Definition

Selection Rate is the proportion (percentage) of candidates selected or hired out of the total applicants.

  • It’s most commonly used in HR, recruiting, and fairness analysis.
  • In machine learning, it can also refer to the rate at which a model “selects” a group as positive.

Formula

$\text{Selection Rate} = \frac{\text{Number of Candidates Selected}}{\text{Total Number of Applicants}} \times 100\%$


Examples

1. HR / Hiring

  • 200 people apply for a job.
  • 20 are hired.
  • Selection Rate = 20 ÷ 200 = 10%.

This shows how competitive the hiring process is.

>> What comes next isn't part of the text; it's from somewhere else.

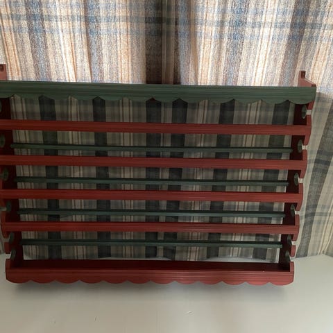 Solid hylle i metall med malte treplater som hyller.
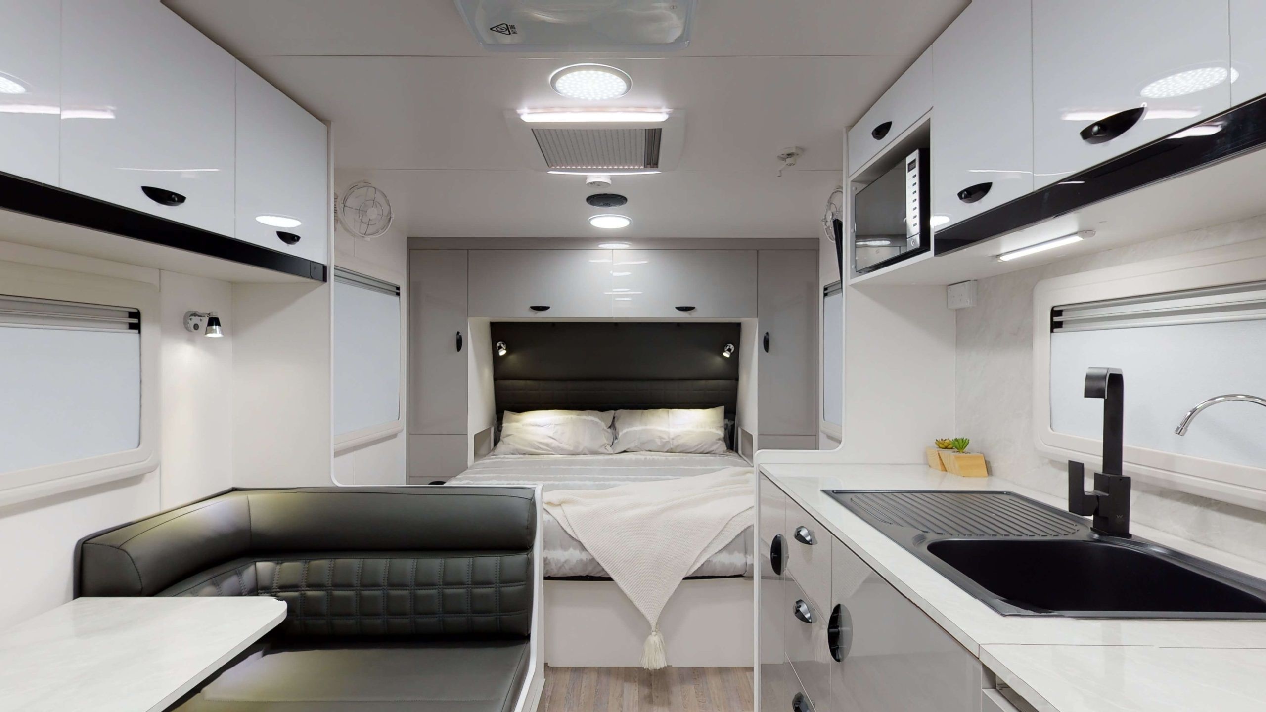 Prepare to be amazed as you step into the modern interior of the Wild Shark range. The range boasts black tapware throughout, a beautiful large black sink and vanity, premium stitched and framed upholstery, upgraded lighting, BMPRO battery management system with digital Trek Display and Viscount Caravans renowned computer-cut cabinetry with dual colour cupboard door options.

2. Fairness in AI / Adverse Impact Analysis

Suppose you’re checking if a hiring algorithm is fair between two groups:

  • Group A: 100 applicants, 30 selected → 30% selection rate.
  • Group B: 100 applicants, 15 selected → 15% selection rate.

Under the U.S. EEOC’s “four-fifths (80%) rule, the selection rate for Group B must be at least 80% of Group A’s rate (i.e., ≥ 24%).
Since 15% < 24%, there’s potential adverse impact against Group B.

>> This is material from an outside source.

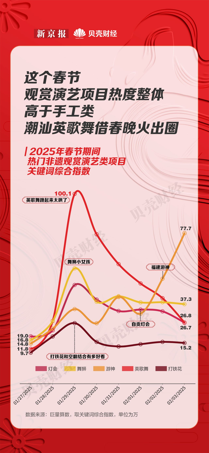 社交媒体关键词综合指数显示,春节期间,观赏演艺类的非遗年俗项目因其与节庆高度相关,且极富观赏性和地方特色,在短视频平台的热度整体高于手工类。根据新京报贝壳财经记者的整理,潮汕英歌舞、福建游神、舞狮、打铁花和灯会等观赏演艺类项目的综合热度较高,且均在大年初一(1月29日)达到峰值。
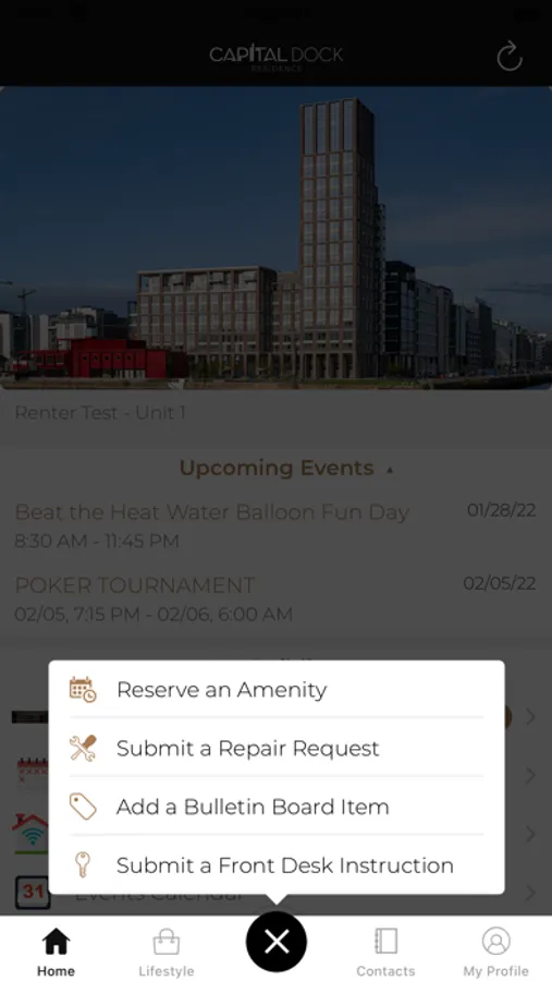 • Receive notifications from concierge regarding upcoming events at Capital Dock

3. Machine Learning Context

If a model predicts who gets a loan:

  • Out of 1,000 applicants, 250 are approved.
  • Selection Rate = 250 ÷ 1,000 = 25%.

This is important in fairness audits to check if approval rates differ too much across demographic groups.


Key Points

  • Selection Rate = percentage of people/items chosen.
  • Used in hiring, admissions, credit approval, or ML fairness checks.
  • In fairness law, compared across groups (adverse impact analysis).